Due to the uncertain nature of not only the pandemic but also what he maintains is a lack of stabilty in the government’s approach to dealing with health care, he said Greenwood does not have a specific plan moving forward.
“Because things will change. We are going to have to respond to that change," he said.
However, he confirmed that for the foreseeable future, Greenwood would continue carrying on operating from its two clinics located next to the grocery story on Main Avenue and near the hospital.
“We are going to carry on providing services, apart from obstetrics, and there isn’t going to be a time when the doors are shut.”
Ward said like his counterparts at the Moose & Squirrel clinic, Greenwood plans to hunker down and ride out not only the pandemic but also the UCP government.
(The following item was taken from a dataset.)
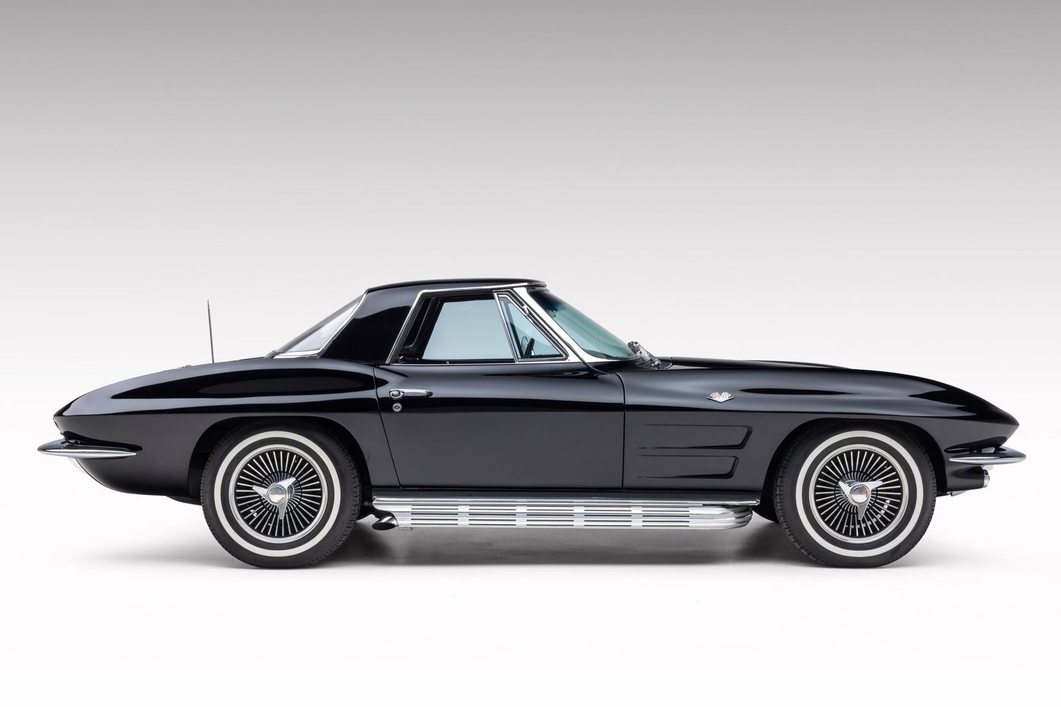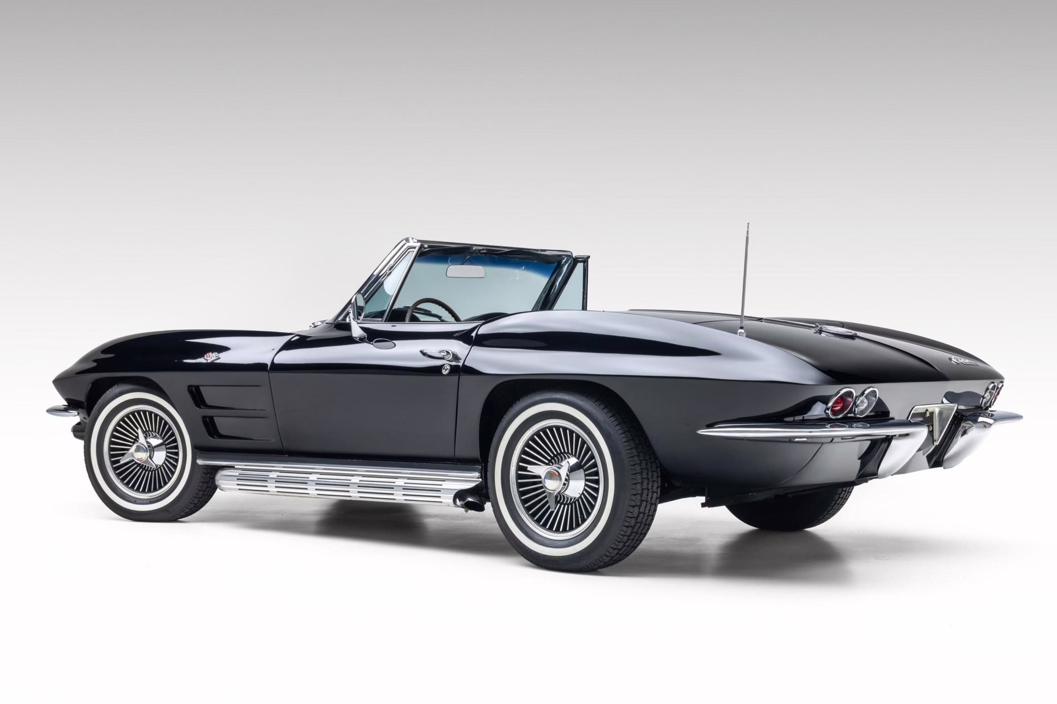 1964 Chevrolet Corvette Convertible, finished in Tuxedo Black with a white soft top, a body-colored hardtop, and a black interior.

“We’re just doing it in different ways,” he said. “While we support the Moose & Squirrel Medical Clinic in their stance, they felt they could move forward and say, ‘We’re leaving the hospital.’ We didn’t feel we could do that.”
Ward said the big question looking to the future is whether the government will actually start to negotiate.
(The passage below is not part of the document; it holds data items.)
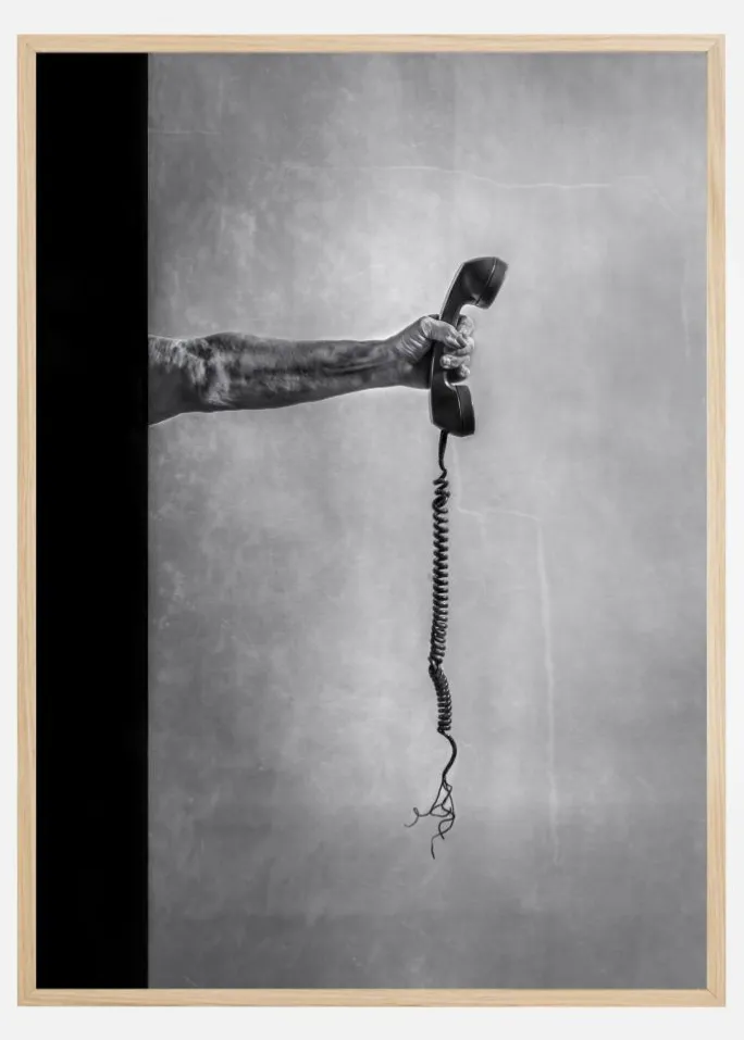 En sort/hvid plakat med en arm, der holder en telefonrør med en afbrudt ledning. Den stærke arm holder telefonen ud i midten af plakaten. Den sorte telefon og ledningen hænger ned mod en grå baggrund. Hvem holdes telefonen ud til? Slap af og tænk over dette billede derhjemme.
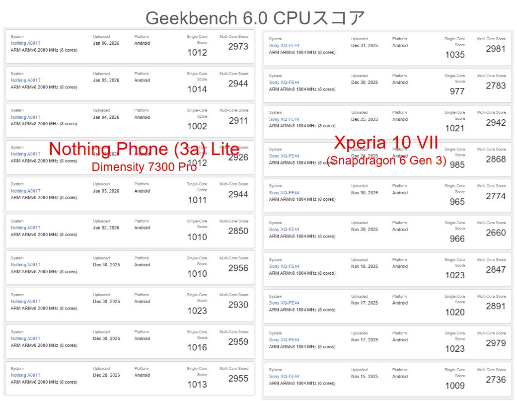 Nothing Phone (3a) LiteはDimensity 7300 Pro、Xperia 10 VIIはSnapdragon 6 Gen 3を搭載しています。
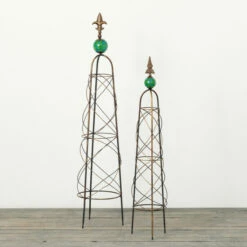This pair will add flair to any garden or pathway with its charming and unique design. These decorative metalworks are ideal for supporting climbing plants or serving as a one-of-a-kind display accent. The sturdy base is crafted with function in mind, while spiraling ornamental wire adds decorative appeal. Each is topped with a colorful sphere and finial topper. Over the last 55 years, Sullivans has become an industry leader in home decorations. Our brand is rooted in tradition while incorporating modernized trends to keep your home looking up to date with timeless style. Here at Sullivans, we pride ourselves on creating product designs focused on quality and value, ensuring that our customers have access to beautiful products at reasonable price points.

“The problem is, if you’ve got a government that can tear up the contract, it gets extremely difficult to actually start to work with them. There has to be some stability,” he said.
Asked if he has faith in the UCP government, he said no.
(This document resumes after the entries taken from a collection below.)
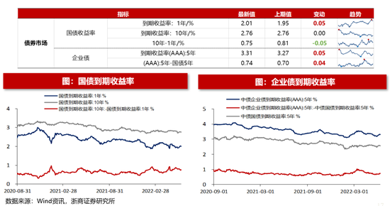 上周企业债到期收益率上升。上周企业债到期收益率(AAA)5年为3.31%(+0.05%)。
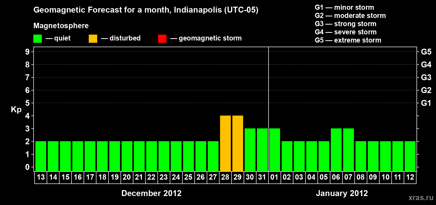 Geomagnetic storm forecast in Indianapolis for Dec 13, 2011
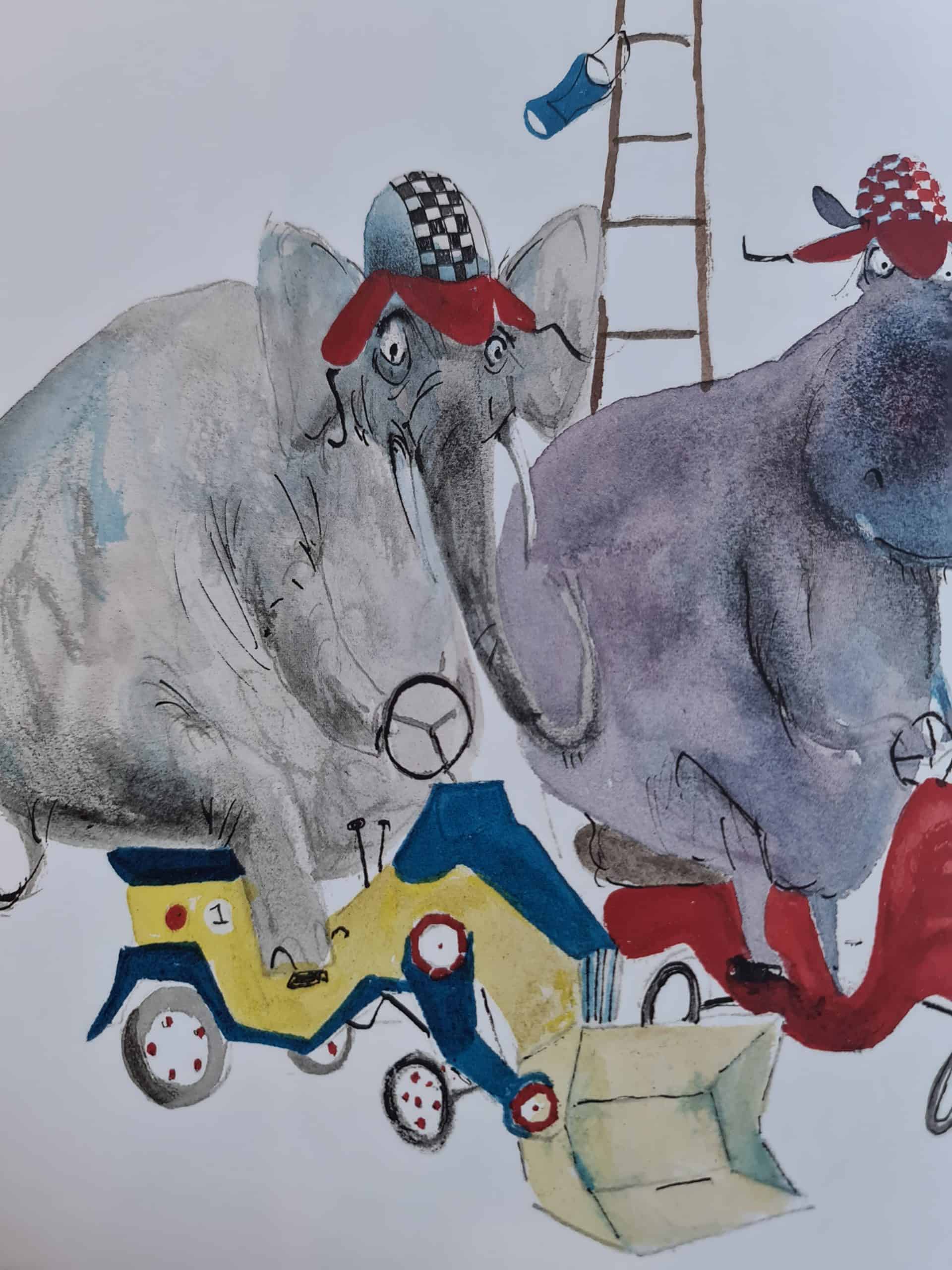 Nijlpaard, de varkens Knor en Knor, Olifant, Neushoorn, Muis en Tijger doen mee aan de grote race om de gouden beker. Allemaal scheppen ze op.
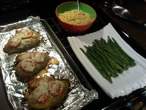 Put pesto in a small bowl. Add chicken breasts individually. Coat with pesto, then immediately roll in bread crumbs. Place breaded chicken on baking sheet.
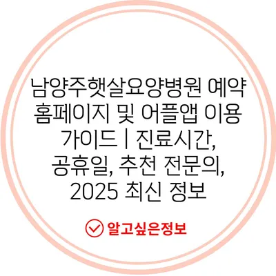 남양주햇살요양병원 예약 홈페이지 및 어플앱 이용 가이드 | 진료시간, 공휴일, 추천 전문의, 2025 최신 정보
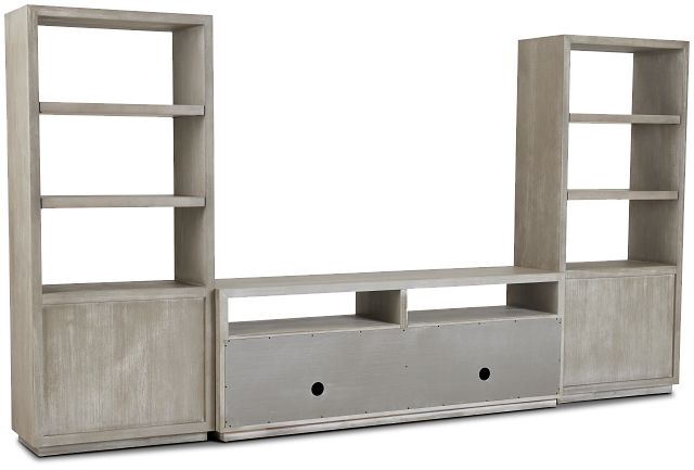 The Madden complete entertainment wall is the perfect addition to any living room. With its light tone base color and solid wood frame material, it exudes contemporary style. This entertainment wall is not only stylish, but also functional, offering ample storage space for all your electronics and media. Bring home the ultimate entertainment experience with Madden.

Dr. Warren confirmed that as of July 1, none of their clinic’s physicians had privileges for any work at the Sundre hospital.
“Some of our physicians are working out of province. The rest are working 100 per cent of the time in clinic,” Warren said July 1.
“If we are asked to come in and provide services at the Sundre hospital, it will depend on our commitments in other areas whether or not we would actually be able to help out.”
Further complicating matters, she added, was Alberta Health Services’ refusal “to grant any of the Moose & Squirrel physicians locum privileges unless they were specifically working for another doctor and only for that day in question.”
While the Moose & Squirrel physicians have locum status in Central Zone as well as other zones in Alberta and other provinces and territories, Warren said officially, they are unable to do anything in Sundre unless forms are submitted and approved.
“None of which has happened as of now,” she said.
Additionally, she said the use of locum physicians from out-of-town means a reduced continuity of care since the doctors are dealing with patients they aren’t familiar with.
With the exception to obstetrics, she said the procedures the Moose & Squirrel physicians used to provide at the hospital — including but not limited to stitching up lacerations, draining abscesses, initiating antibiotics and IVs if needed, excision of skin lesions for diagnosis and treatment, joint injections, wart treatment and IUD insertions and removals — are now being conducted in the clinic.
Furthermore, she said they are also offering services in non-AHS facilities such as the Sundre Seniors’ Supporting Living centre, with plans to expand their presence in Caroline a couple of days a week, “but likely not until fall.”
Kerry Williamson, a spokesperson with AHS, wrote in a press release issued July 3 that “there will be no gaps in physician coverage at Sundre Hospital and Care Centre (HCC), or any changes to patient care. Many local physicians have opted to keep their privileges and appointments at the Sundre HCC.
"Additionally, a number of the physicians who ended their full-time privileges have decided to provide locum coverage, should it be needed.”
The Albertan followed up with Warren for clarification on their status, and she said July 3, "We have appointments in AHS now as locums, but that is merely a title. We do not have privileges, which means we are inactive. We would need to apply for privileges and be approved by AHS to be allowed to work in any AHS facility, including here."